__Directions__
It is required that the lines from the top of the listing through the line with "En D2 il faudra" be reproduced exactly, excluding pictures.

__Raw data__
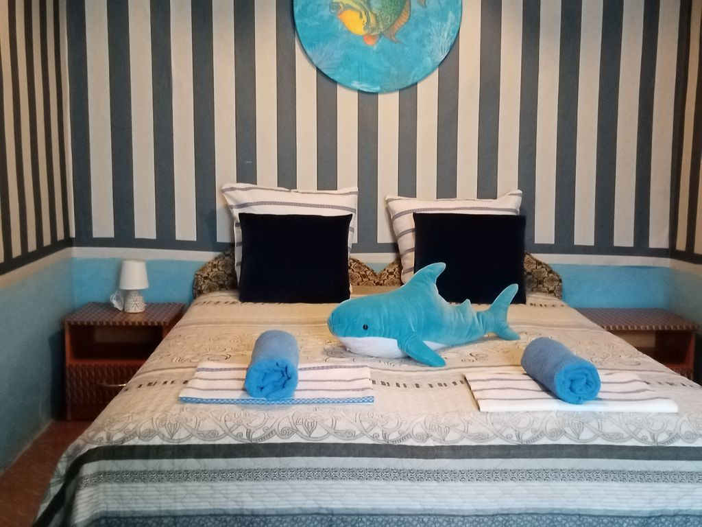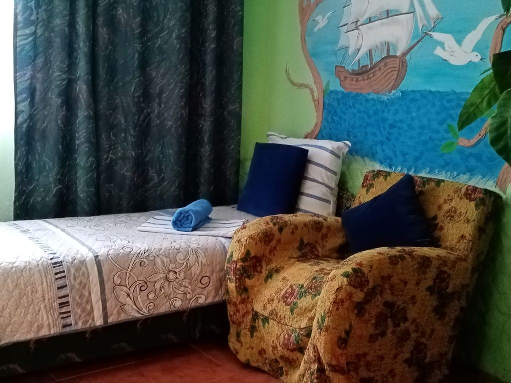 Наш "сказочный дворик", в стиле альпинария, находится в 7 минутах ходьбы от уреза воды чёрного моря в частном домовладении, в котором вас встретят разные сказочные герои. Полулюкс на втором этаже дома: в комнате кровати, тумбочки, шкаф, холодильник, вентилятор, сейф, посуда. В санузле: душ - горячая/холодная вода, умывальник, унитаз. Полулюкс (одноэтажное здание): в комнате кровати, шкаф, холодильник, телевизор, кондиционер, сейф, посуда. В санузле: душ - горячая/холодная вода постоянно, умывальник, унитаз. Часть наземных номеров обеспечены кондиционером
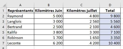 En D2 il faudra donc insérer l'oprétation "=B2+C2", en D3: "=B3+C3" ...
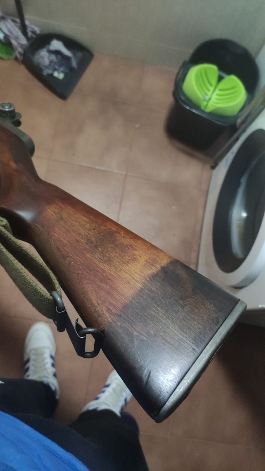 El problema es que el propietario le puso un elevador de mejillas en la culata, y después de décadas pues cuando lo quité había una decoloración muy notable entre zonas, de todas formas la madera ha quedado mucho mejor de lo que estaba además de hidratada y sellada. El misticismo del garand es porque ganó la 2ww, es un arma increíble.
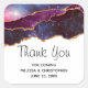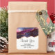 Mariage merci autocollants avec un design abstrait avec des couches bleues et violettes avec des rubans en faux feuille d'or entre les deux.

__Written solution__
 Наш "сказочный дворик", в стиле альпинария, находится в 7 минутах ходьбы от уреза воды чёрного моря в частном домовладении, в котором вас встретят разные сказочные герои. Полулюкс на втором этаже дома: в комнате кровати, тумбочки, шкаф, холодильник, вентилятор, сейф, посуда. В санузле: душ - горячая/холодная вода, умывальник, унитаз. Полулюкс (одноэтажное здание): в комнате кровати, шкаф, холодильник, телевизор, кондиционер, сейф, посуда. В санузле: душ - горячая/холодная вода постоянно, умывальник, унитаз. Часть наземных номеров обеспечены кондиционером
 En D2 il faudra donc insérer l'oprétation "=B2+C2", en D3: "=B3+C3" ...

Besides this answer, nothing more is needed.